ACTIVITY -> For the entries below, copy exactly the line that contains "Zbliżają się Święta" through the line that contains "تابلو یا قاب", both ends included, and exclude all pictures.

DATASET START

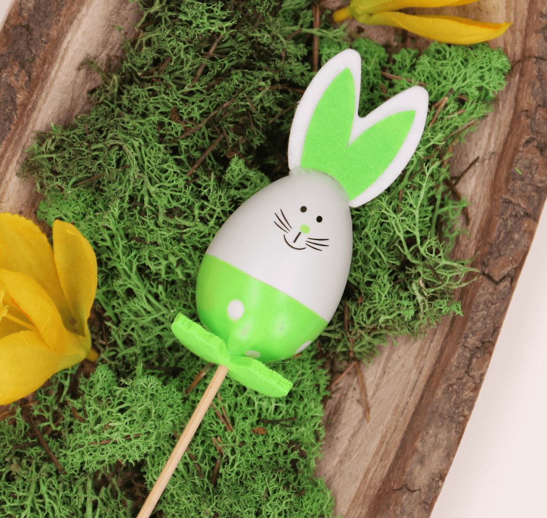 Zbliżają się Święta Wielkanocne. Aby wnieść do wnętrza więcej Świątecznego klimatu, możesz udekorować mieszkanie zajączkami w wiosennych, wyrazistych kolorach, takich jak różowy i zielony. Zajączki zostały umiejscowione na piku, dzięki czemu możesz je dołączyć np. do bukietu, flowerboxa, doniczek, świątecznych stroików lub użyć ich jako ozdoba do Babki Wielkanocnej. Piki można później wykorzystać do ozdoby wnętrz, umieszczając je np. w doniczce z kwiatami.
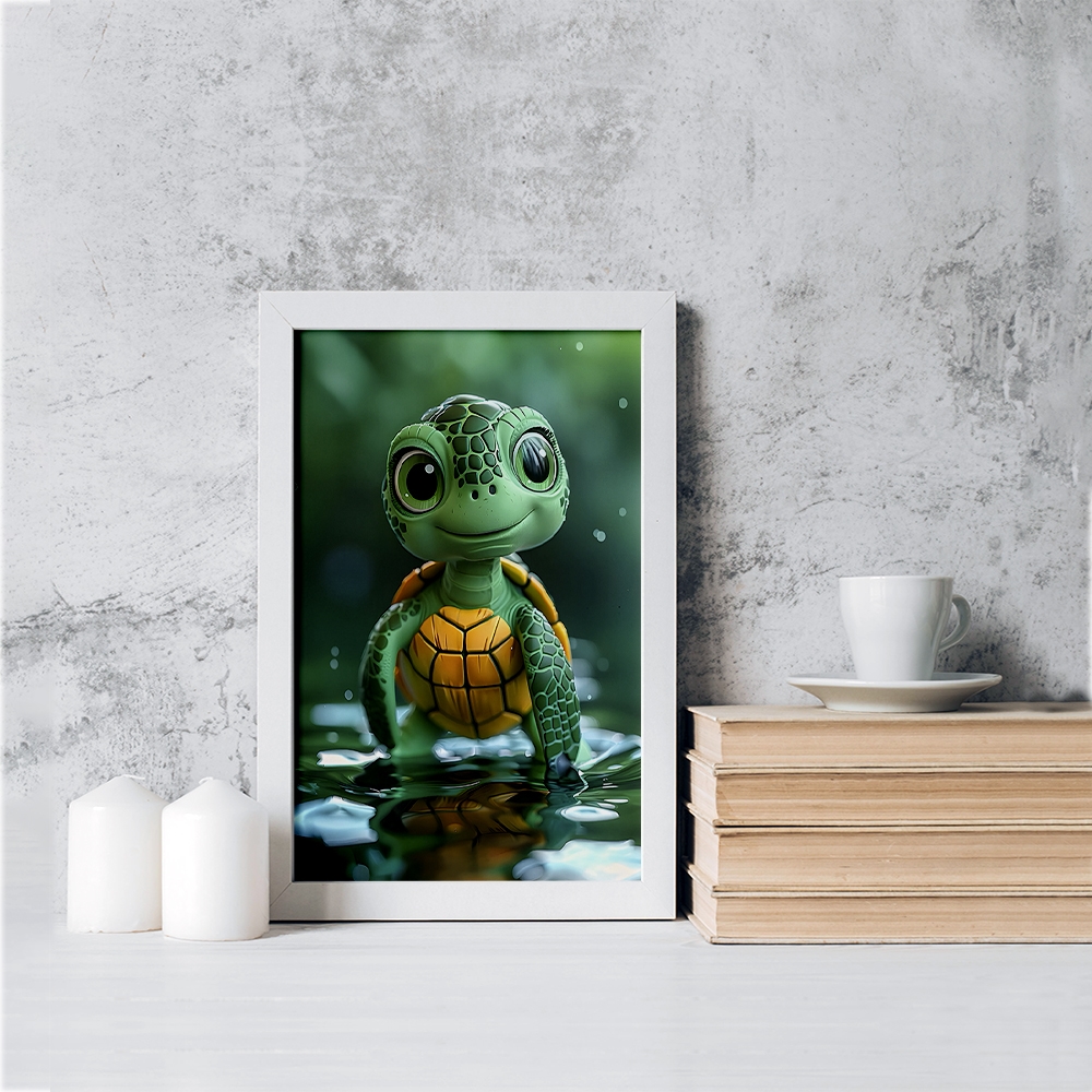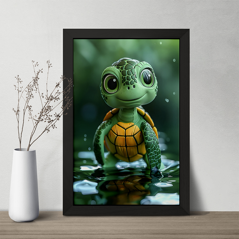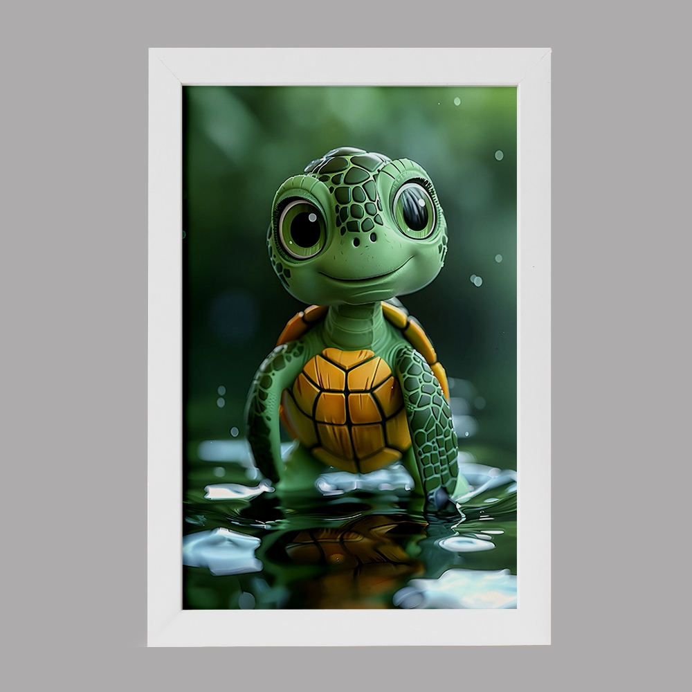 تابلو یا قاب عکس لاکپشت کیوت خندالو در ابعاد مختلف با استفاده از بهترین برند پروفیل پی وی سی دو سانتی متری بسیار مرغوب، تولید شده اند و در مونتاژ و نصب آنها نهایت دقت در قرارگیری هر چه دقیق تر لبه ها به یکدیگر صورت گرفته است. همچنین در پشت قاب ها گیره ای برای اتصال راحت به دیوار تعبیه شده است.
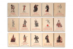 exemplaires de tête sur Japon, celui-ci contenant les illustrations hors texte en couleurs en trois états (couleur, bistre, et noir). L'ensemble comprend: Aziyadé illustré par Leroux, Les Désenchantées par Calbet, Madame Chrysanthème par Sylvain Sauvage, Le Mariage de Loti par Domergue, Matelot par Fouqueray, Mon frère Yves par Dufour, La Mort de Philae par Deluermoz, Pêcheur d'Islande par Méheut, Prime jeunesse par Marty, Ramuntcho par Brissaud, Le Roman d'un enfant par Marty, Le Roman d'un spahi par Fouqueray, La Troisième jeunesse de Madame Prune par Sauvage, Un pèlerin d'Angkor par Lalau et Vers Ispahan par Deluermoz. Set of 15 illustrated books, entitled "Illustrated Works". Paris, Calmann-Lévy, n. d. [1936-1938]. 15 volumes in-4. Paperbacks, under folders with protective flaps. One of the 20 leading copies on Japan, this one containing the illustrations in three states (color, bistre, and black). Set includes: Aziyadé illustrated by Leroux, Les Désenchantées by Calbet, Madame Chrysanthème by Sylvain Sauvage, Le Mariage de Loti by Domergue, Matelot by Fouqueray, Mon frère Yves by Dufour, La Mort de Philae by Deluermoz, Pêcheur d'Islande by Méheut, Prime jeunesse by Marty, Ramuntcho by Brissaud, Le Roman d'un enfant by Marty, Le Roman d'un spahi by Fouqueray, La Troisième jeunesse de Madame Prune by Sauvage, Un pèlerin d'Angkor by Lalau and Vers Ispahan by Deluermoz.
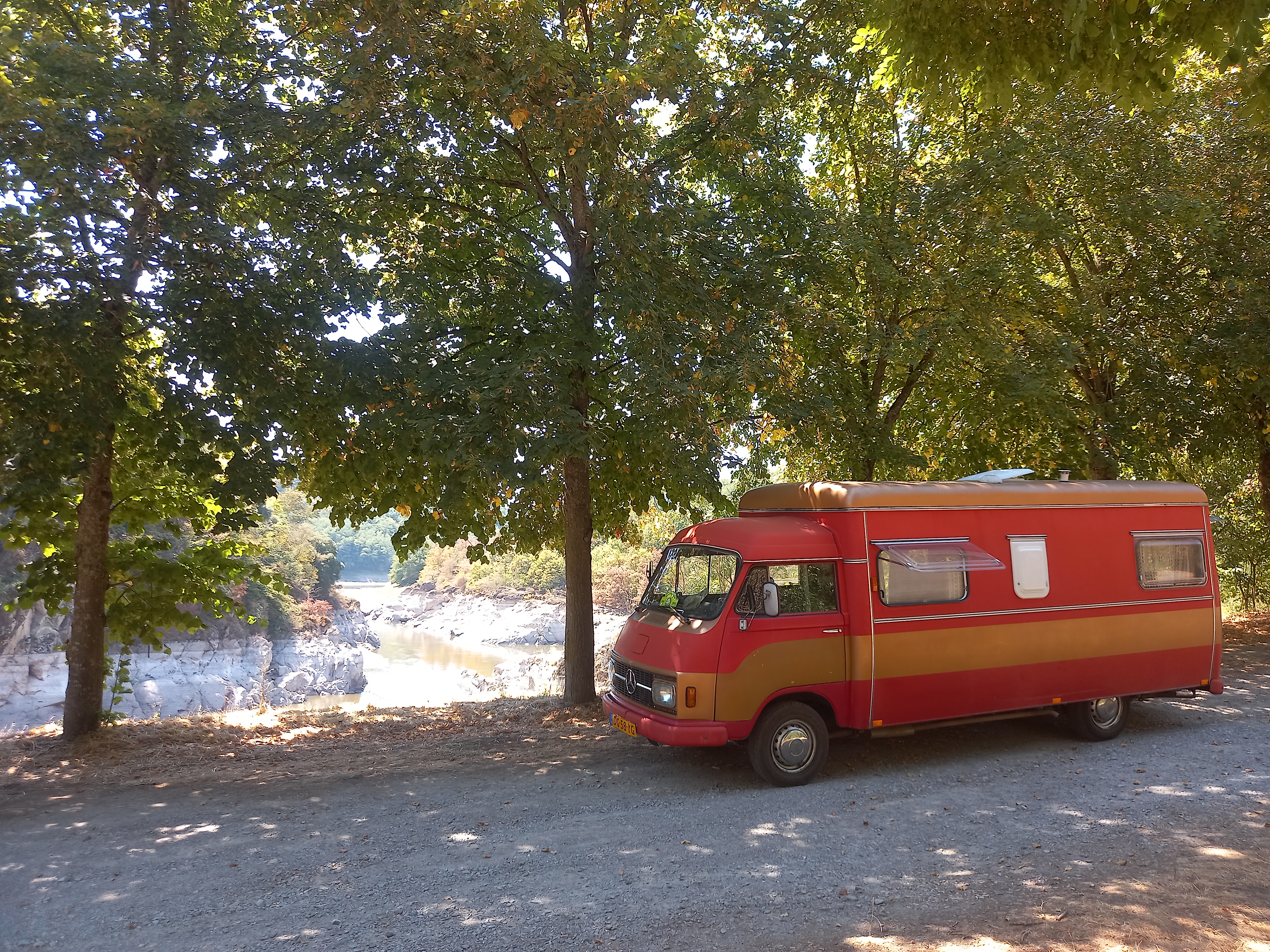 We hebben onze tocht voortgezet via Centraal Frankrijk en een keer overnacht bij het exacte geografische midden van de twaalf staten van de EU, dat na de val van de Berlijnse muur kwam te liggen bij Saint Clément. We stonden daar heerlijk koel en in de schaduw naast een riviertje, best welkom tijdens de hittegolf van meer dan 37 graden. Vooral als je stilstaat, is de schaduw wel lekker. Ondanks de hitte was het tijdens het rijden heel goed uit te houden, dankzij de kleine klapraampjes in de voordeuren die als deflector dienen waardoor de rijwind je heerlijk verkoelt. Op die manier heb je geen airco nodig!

DATASET END
DATASET START

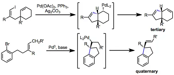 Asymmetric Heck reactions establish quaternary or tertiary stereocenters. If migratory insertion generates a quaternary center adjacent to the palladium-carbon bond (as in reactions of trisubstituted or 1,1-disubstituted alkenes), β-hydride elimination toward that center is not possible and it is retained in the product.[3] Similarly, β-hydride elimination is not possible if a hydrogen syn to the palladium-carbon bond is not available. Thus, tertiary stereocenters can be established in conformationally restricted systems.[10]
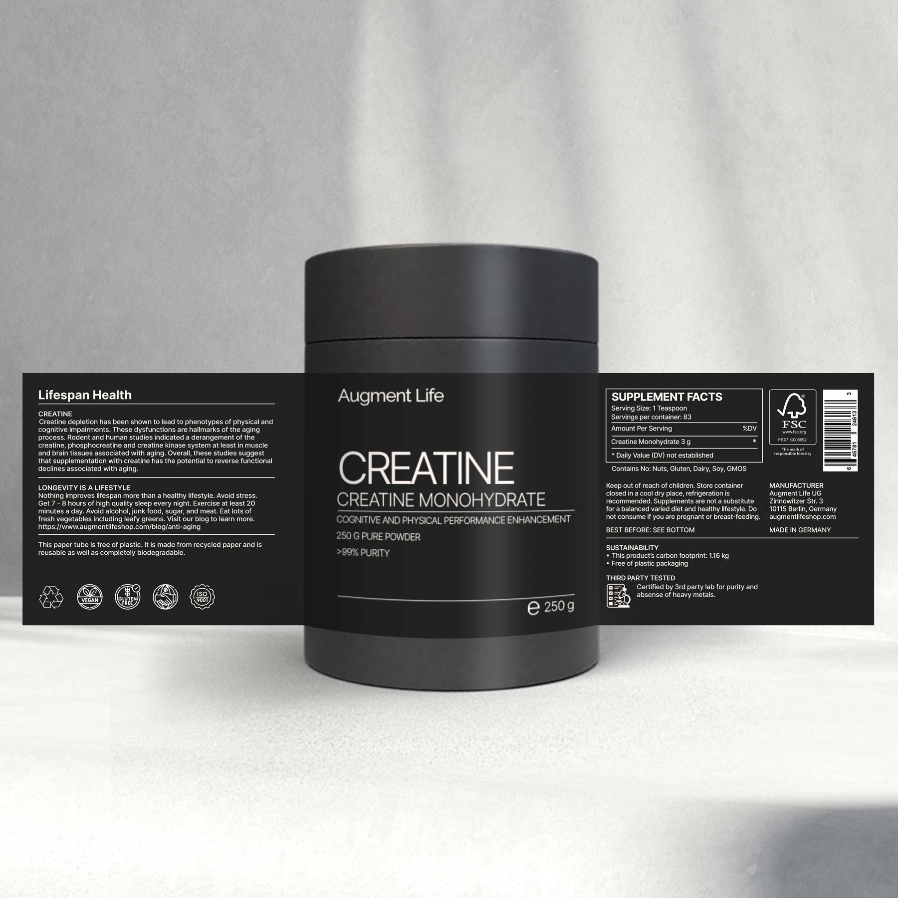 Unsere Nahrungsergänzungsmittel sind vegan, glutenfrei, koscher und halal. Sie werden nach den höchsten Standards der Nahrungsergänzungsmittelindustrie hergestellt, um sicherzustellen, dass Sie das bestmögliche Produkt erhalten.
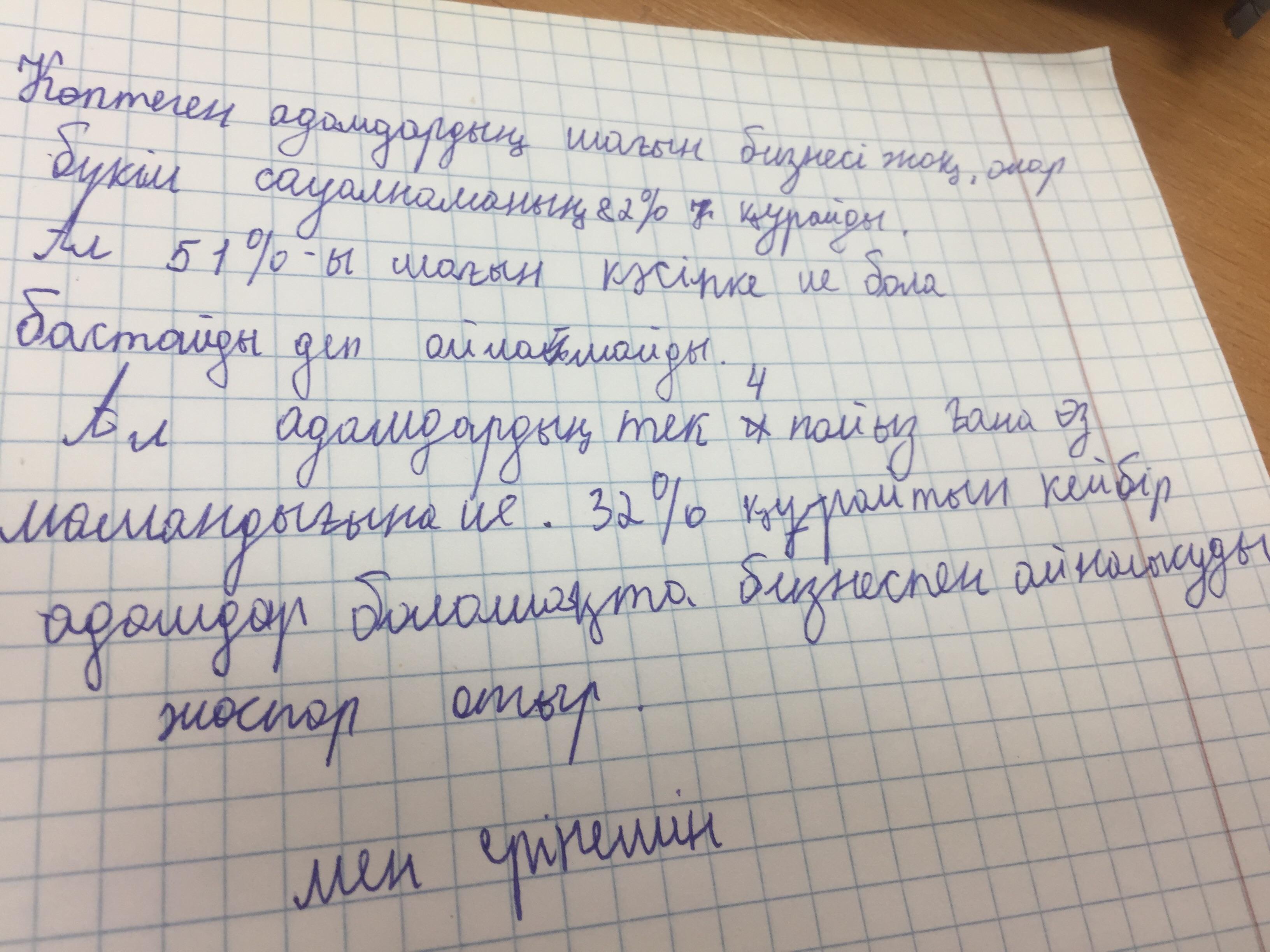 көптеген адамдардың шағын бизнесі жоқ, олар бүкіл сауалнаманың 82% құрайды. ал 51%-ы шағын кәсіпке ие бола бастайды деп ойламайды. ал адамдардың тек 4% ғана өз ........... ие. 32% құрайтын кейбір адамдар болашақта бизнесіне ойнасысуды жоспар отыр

DATASET END

OUTPUT OF THE EXERCISE ->
 Zbliżają się Święta Wielkanocne. Aby wnieść do wnętrza więcej Świątecznego klimatu, możesz udekorować mieszkanie zajączkami w wiosennych, wyrazistych kolorach, takich jak różowy i zielony. Zajączki zostały umiejscowione na piku, dzięki czemu możesz je dołączyć np. do bukietu, flowerboxa, doniczek, świątecznych stroików lub użyć ich jako ozdoba do Babki Wielkanocnej. Piki można później wykorzystać do ozdoby wnętrz, umieszczając je np. w doniczce z kwiatami.
 تابلو یا قاب عکس لاکپشت کیوت خندالو در ابعاد مختلف با استفاده از بهترین برند پروفیل پی وی سی دو سانتی متری بسیار مرغوب، تولید شده اند و در مونتاژ و نصب آنها نهایت دقت در قرارگیری هر چه دقیق تر لبه ها به یکدیگر صورت گرفته است. همچنین در پشت قاب ها گیره ای برای اتصال راحت به دیوار تعبیه شده است.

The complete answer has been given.